At Goodspeed, "Billy Elliot: The Musical" is being staged by internationally renowned director Gabriel Barre whose credits include "Sweeney Todd," "Camille Claudel," "Private Lives," "John & Jen," "Hair" and "The Scarlet Pimpernel." As with other musicals and plays he has directed, there is a rawness, soulfulness and warm humanity here that gives the story a real, spontaneous feel and passion that keeps it grounded, truthful, graceful and emotionally expressive. Barre's production also pays close attention to the period in which the musical is set, the people who populate the coal-mining town of County Durham, their raw energy, their solidarity, resentment and defiance, their stubborn and one-sided mindset and their fight for survival amidst the heated Thatcher government that threatens their very existence.

At the center, of course, is the story of young Billy Elliot, his mourning for his mother who died two years before the musical begins, his relationship with his oppressively male-dominated family and finally, his discovery of dance - i.e., ballet- and its many possibilities. As director and storyteller, Barre shapes Lee Hall's well-honed script imaginatively and sensitively with wonderfully sketched and played tenderness and affection. He also never allows the show's pacy musicality to sidetrack the emotional resonance of Billy's personal struggle, his hopes and dreams and his ongoing fight to overcome impossible odds and become a respected ballet dancer with the full support of his not so terribly encouraging family.
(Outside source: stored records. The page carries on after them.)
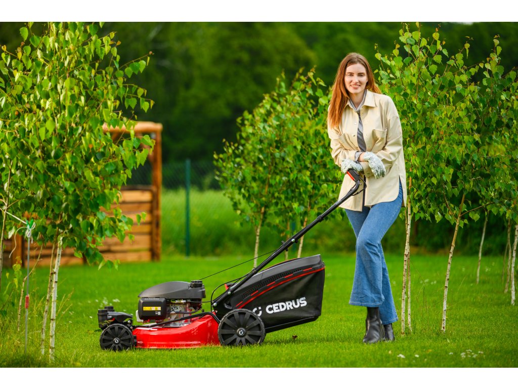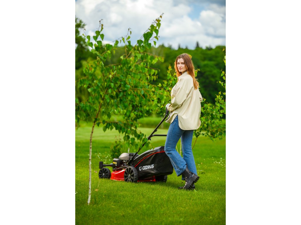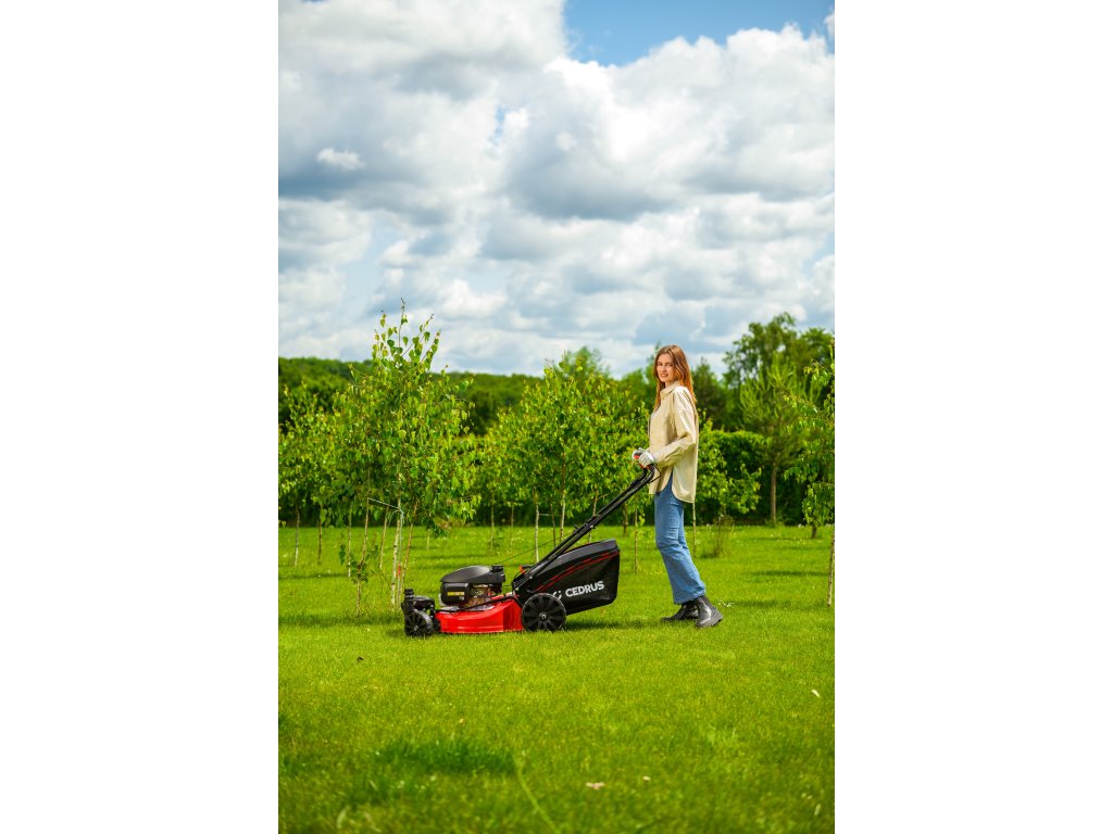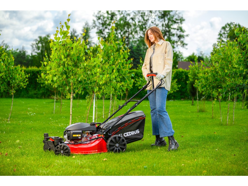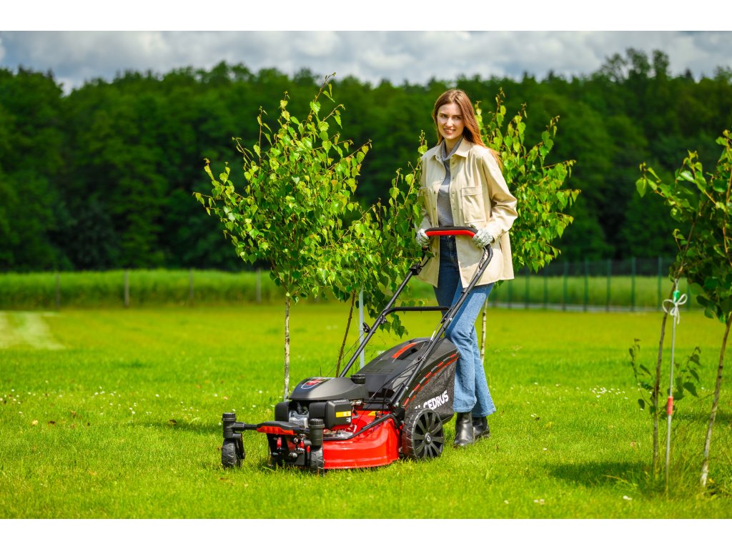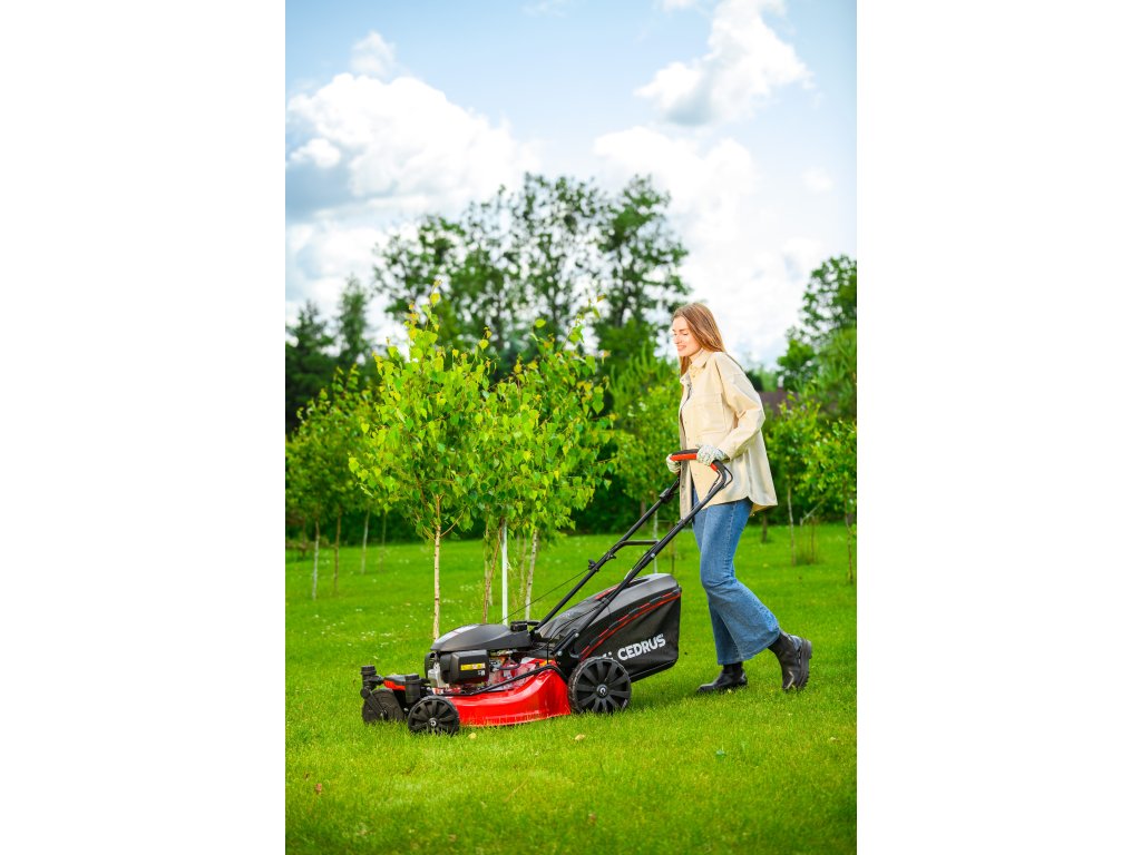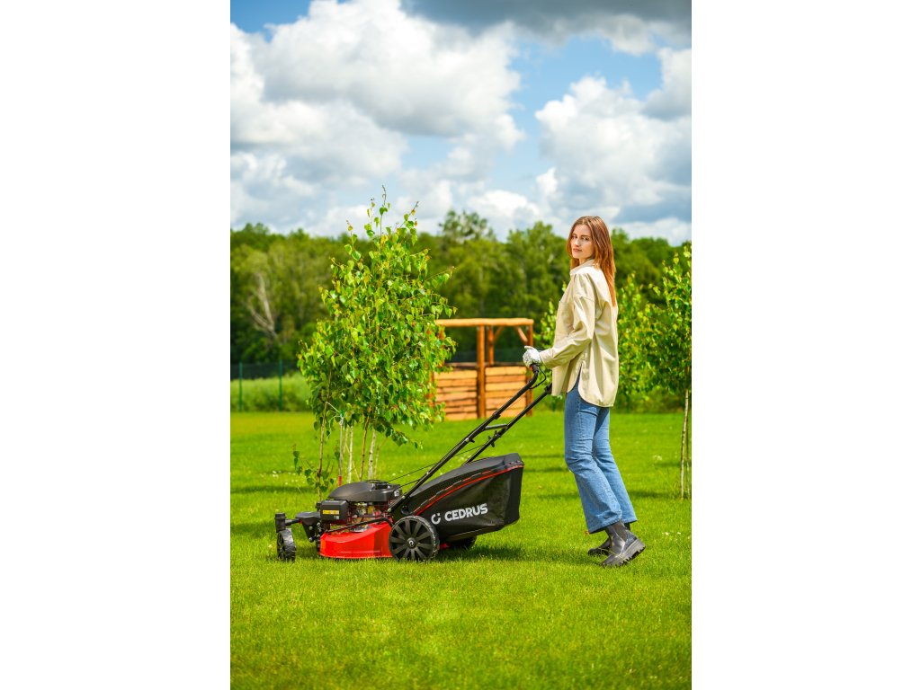 Benzin-Rasenmäher Hahn & Sohn Cedrus CEDKS51S-ZT mit Fahrwerk und schwenkbaren Vorderrädern
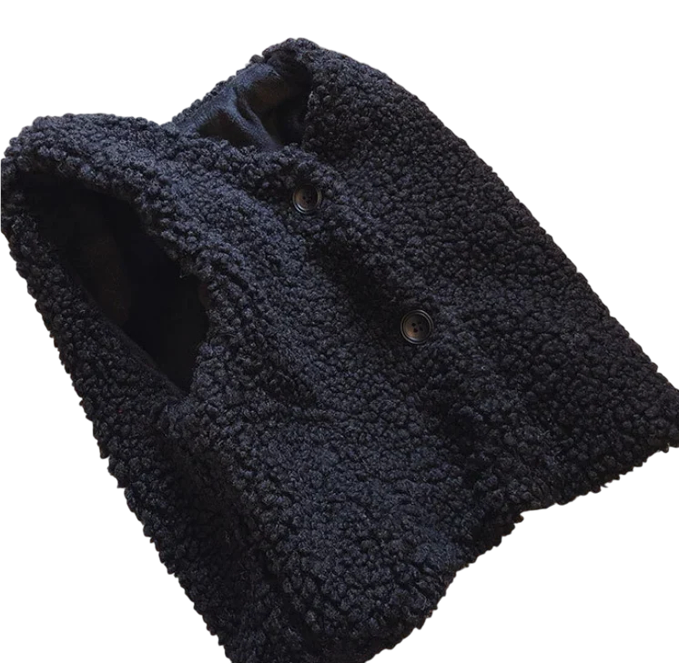 Barnens vinterväst i lamull med V-ringning Enfärgad plyschväst med knäppning Varm höstkappa för pojkar och flickor Sametutförande
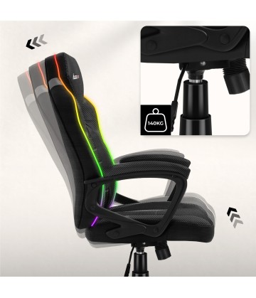 - Materiałowy fotel gracza z oświetleniem RGB LED
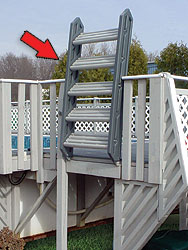 Fanta-Sea™ swing-up ladder latch to lock your ladder in place when not in use - preventing unauthorized access to your pool when you're not around.
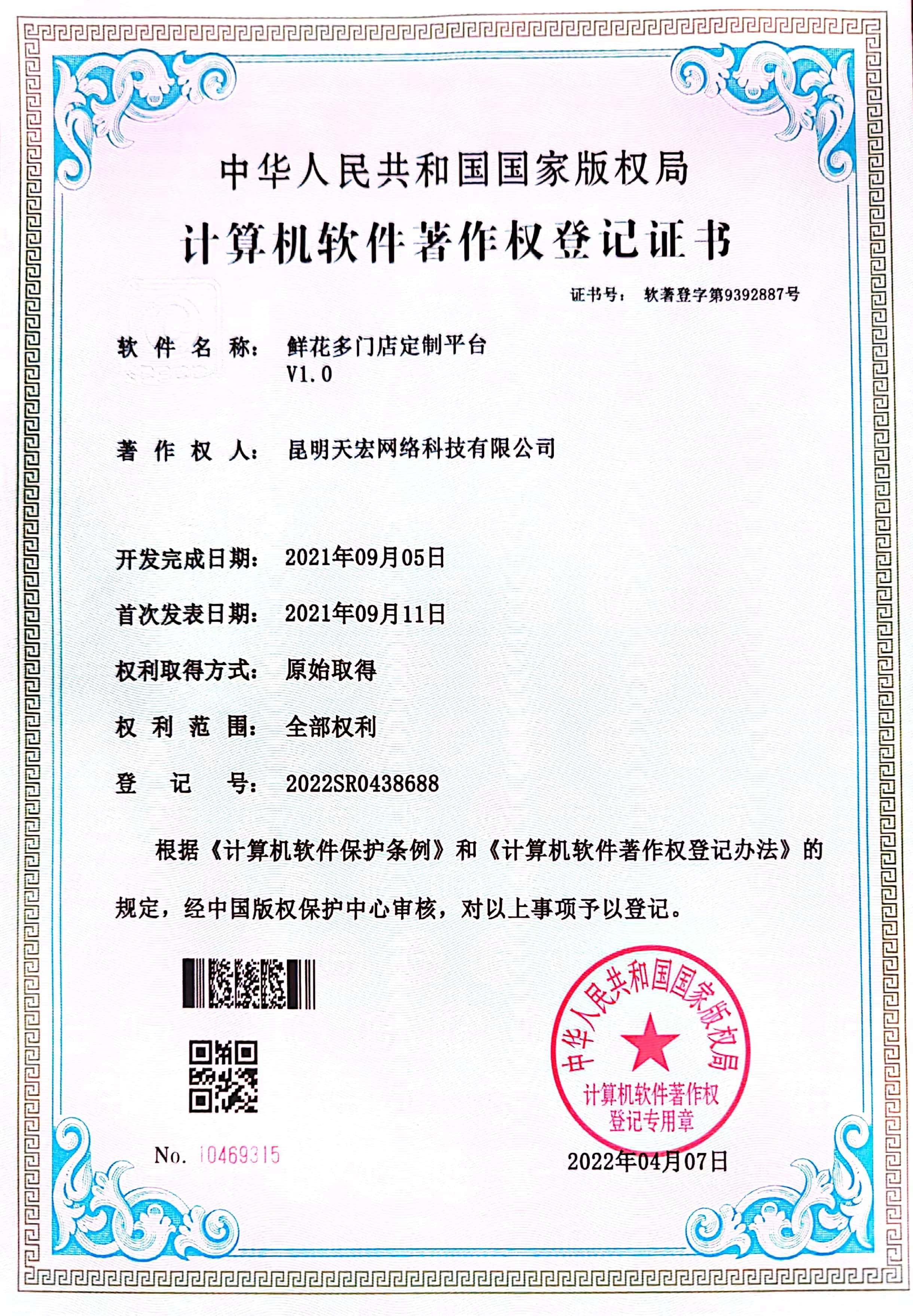 天宏網絡通過不斷的研發(fā)創(chuàng)新,現擁有50多項計算機軟著證書,包括多商家點餐系統、門店收銀管理系統、通用OA協同辦公管理系統、智慧商圈運營管理平臺、天宏健康智慧+系統、同城O2O管理系統等。

Pacing is everything in this invigorating telling and Barre doesn't waste a single moment. The individual stories and the emotions expressed by every one of the characters is calibrated brilliantly with a page-turning power and balance that keeps the production airborne with nary a glitch, a hiccup, a halt or a stumble. From rehearsal hall to stage, Barre's determined vision not only reflects the well-intentioned conceit of the show's originator's, but cements the liberal humanity of the play text, its exhilarating simplicity and its triumph-over-adversity machinations most engagingly.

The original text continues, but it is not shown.